Bankruptcy can be an option for some people that may save them from extreme financial burdens. However, false beliefs from bankruptcy myths may keep someone from turning to bankruptcy when they need it most. Dispelling these myths can help someone in need make the right decision about their future.
Despite the myths surrounding bankruptcy, more than 700,000 people file for bankruptcy every year. If hundreds of thousands of people can look past the false stories surrounding bankruptcy every year, so can you. Take a look at these myths that can keep you from applying for bankruptcy:
Bankruptcy discharges all debt
No matter what form of bankruptcy you file for, bankruptcy does not discharge everything. In chapter 7 bankruptcies, the bankruptcy only discharges the unsecured debt, which is a form of debt that does not have any collateral. Typical forms of this debt include credit card debt, medical debt, and debt from utility bills.
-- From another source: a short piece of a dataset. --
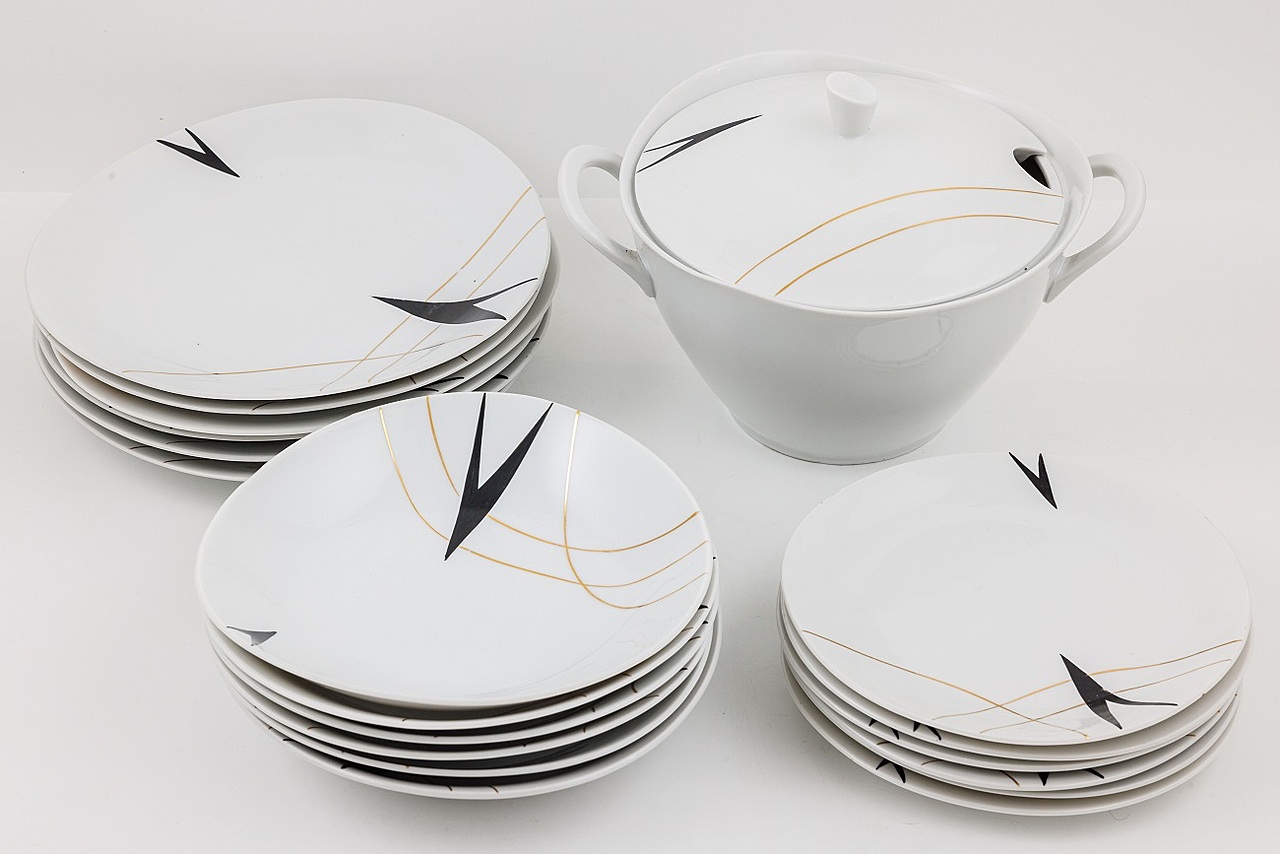 Porcelana, złocenie, czarna farba naszkliwna; w składzie waza (wys. 19 cm), po 6 talerzy płaskich 25 cm, głębokich 21 cm, talerzyków 19,5 cm
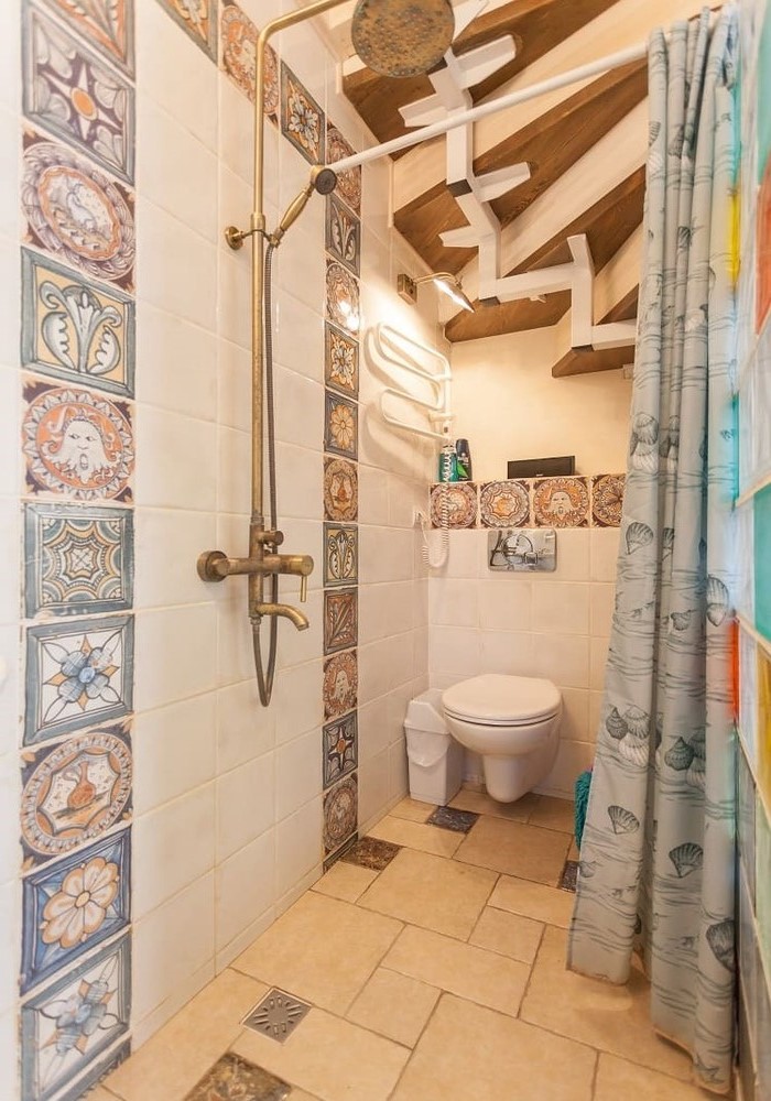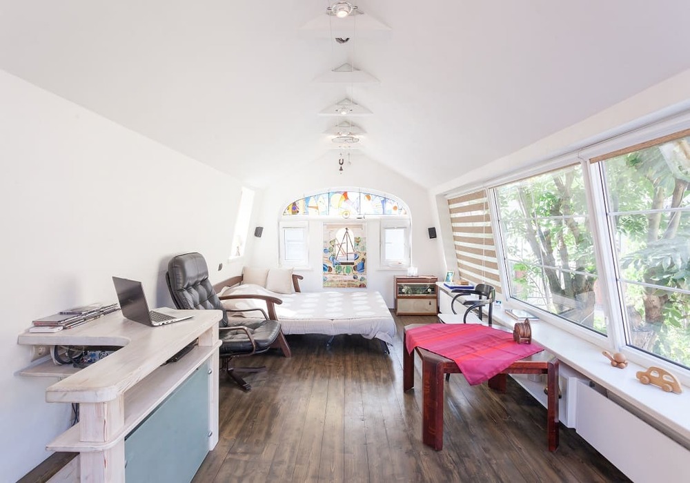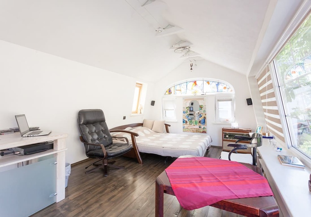 Высокая крыша, полы, лестница, мебель из натурального дерева и ясень под окном создают чувство гармонии с природой. Яркий витраж ручной работы с включениями морского стекла художника-витражиста Виталия Бадло дарит радость и настраивает на позитивные мысли даже в ненастную погоду.

Bankruptcy will permanently ruin your credit
While it is true that your credit will take a hit, it is only temporary. Because the applicant now has an extremely low debt-to-income ratio, it may be possible that an applicant receives credit card offers in only a few weeks. Some people can get a credit score back in the 800s in only a matter of months after they discharge their debt.
Bankruptcy is a sign of financial failure
There are many ways someone can get into financial hardship despite their best efforts not to. Sudden medical emergencies, extended job loss, and divorce are all common causes of bankruptcy that someone may not be able to prepare for. More and more people are experiencing these causes, so it only stands to reason that more people will then file for bankruptcy.
Do not believe the myths
False stories and rumors do not have to keep you from making the right decision. If you are considering bankruptcy, consult with a bankruptcy attorney to determine how bankruptcy can help you. The truth about bankruptcy may be what you need to free yourself from financial hardship.